- [SOURCE DATA]:
* * *
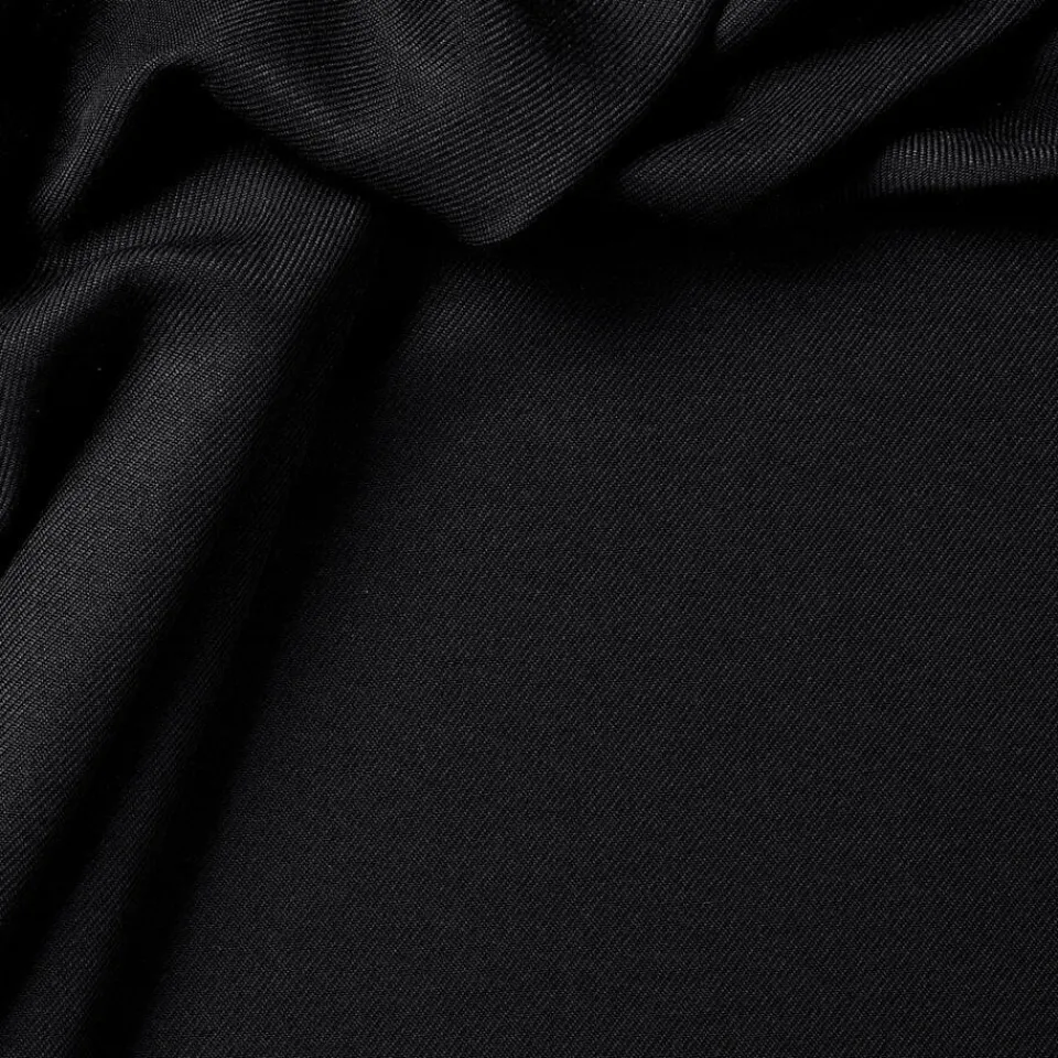 Lichtdoorlatende zwarte uni gordijnstof. Dit gordijn is stevig, vormvast en valt soepel. De stof is gemaakt van 100% polyester. 150 cm breed.
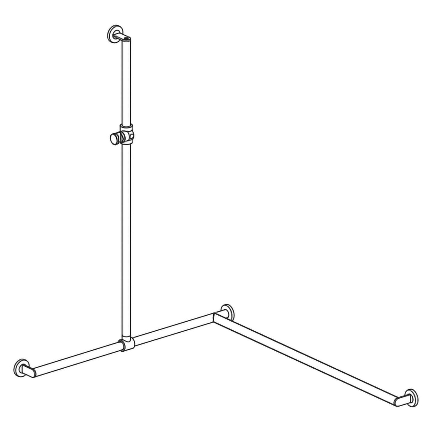 - senkrecht und waagerecht angeordnete, im rechten Winkel verbundene Stangen mit Befestigungsrosetten und Brausehalter
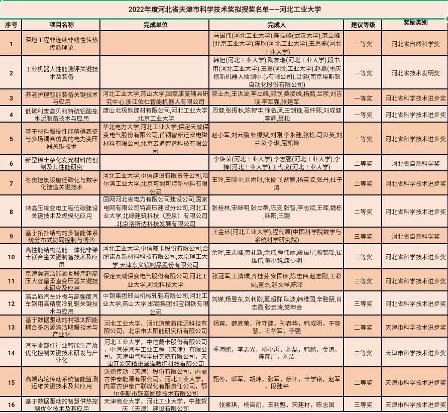 近日,天津市和河北省先后公布了2022年度科学技术奖拟授奖名单,taptap点点再创佳绩,共有16项成果获奖。在天津市科学技术奖拟授奖名单中,taptap点点4项成果赫然在列,其中二等奖3项(taptap点点作为第一完成单位2项),三等奖1项。根据河北省科学技术奖的总评结果,taptap点点获得河北省科学技术奖12项,其中一等奖5项(taptap点点作为第一完成单位3项),二等奖3项(taptap点点作为第一完成单位2项),三等奖4项(taptap点点作为第一完成单位2项),实现了taptap点点三大奖种一等奖大满贯,在河北省高校中,获奖总数及一等奖获奖数量排名均位居榜首。
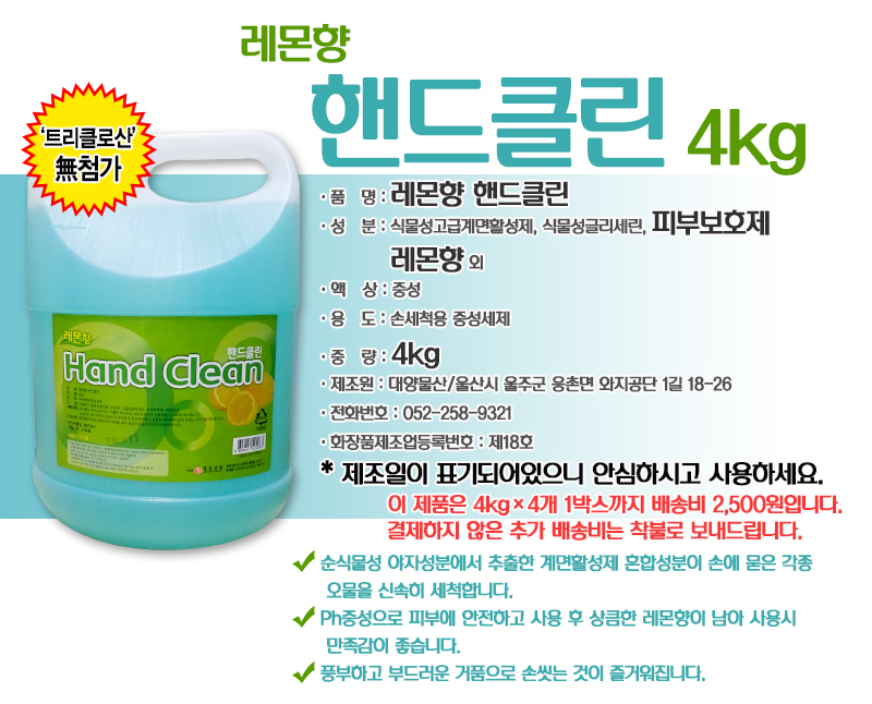 핸드클린 핸드워시 레몬향 리필 4Kg 대용량 손세정제 물비누 핸드워시 업소용
* * *
- [WHAT THE TASK ASKS]:
Leave the pictures out and copy exactly the lines from the one that holds "近日,天津市和河北省先后公布" through the last line of the material.

- [SOLUTION TO THE EXERCISE]:
 近日,天津市和河北省先后公布了2022年度科学技术奖拟授奖名单,taptap点点再创佳绩,共有16项成果获奖。在天津市科学技术奖拟授奖名单中,taptap点点4项成果赫然在列,其中二等奖3项(taptap点点作为第一完成单位2项),三等奖1项。根据河北省科学技术奖的总评结果,taptap点点获得河北省科学技术奖12项,其中一等奖5项(taptap点点作为第一完成单位3项),二等奖3项(taptap点点作为第一完成单位2项),三等奖4项(taptap点点作为第一完成单位2项),实现了taptap点点三大奖种一等奖大满贯,在河北省高校中,获奖总数及一等奖获奖数量排名均位居榜首。
 핸드클린 핸드워시 레몬향 리필 4Kg 대용량 손세정제 물비누 핸드워시 업소용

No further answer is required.